Given data:
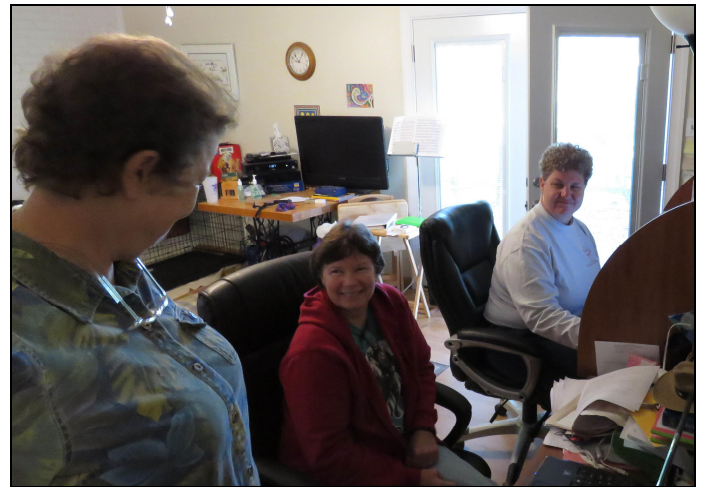
Name tags and envelope labels crew
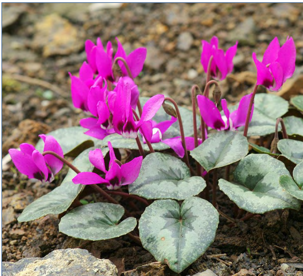
Cyclamen pseudibericum var. pseudibericum from Turkey

My Cyclamen purpurascens ( C. europeum ) is from Slovenia, Slovakia (plain leaf C. p. forma fatrense ) and Moravia. They do not provide self sown seedlings in my dry spring steppe conditions. I tried the white Cyclamen hederifolium from Stara Planina Mts. of Bulgaria and it died, so I keep this species from the late Joyce Carruthers' garden in Victoria, BC, Canada; this species is also reluctant to make seedlings here. Cyclamen mirabile is established in a flat area shaded under a larger shrub of Daphne transcaucasica . My Cyclamen colchicum from Kirsten Andersen was somehow lost too. Of course the best rock garden show is orchestrated by Cyclamen coum var. coum and partly by C. coum var. caucasicum . Hundreds of baby grassy seedlings appeared after every wet autumn and milder winter. Thanks to Joyce I have a broad flexible variation in colours of flowers and leaves. I never water them and they are able to cope with quite lot of the hot Bohemian sunshine and dry winds.

Exercise requirements: Copy out all the data above exactly, pictures excluded.

Answer to the exercise:
Name tags and envelope labels crew
Cyclamen pseudibericum var. pseudibericum from Turkey

My Cyclamen purpurascens ( C. europeum ) is from Slovenia, Slovakia (plain leaf C. p. forma fatrense ) and Moravia. They do not provide self sown seedlings in my dry spring steppe conditions. I tried the white Cyclamen hederifolium from Stara Planina Mts. of Bulgaria and it died, so I keep this species from the late Joyce Carruthers' garden in Victoria, BC, Canada; this species is also reluctant to make seedlings here. Cyclamen mirabile is established in a flat area shaded under a larger shrub of Daphne transcaucasica . My Cyclamen colchicum from Kirsten Andersen was somehow lost too. Of course the best rock garden show is orchestrated by Cyclamen coum var. coum and partly by C. coum var. caucasicum . Hundreds of baby grassy seedlings appeared after every wet autumn and milder winter. Thanks to Joyce I have a broad flexible variation in colours of flowers and leaves. I never water them and they are able to cope with quite lot of the hot Bohemian sunshine and dry winds.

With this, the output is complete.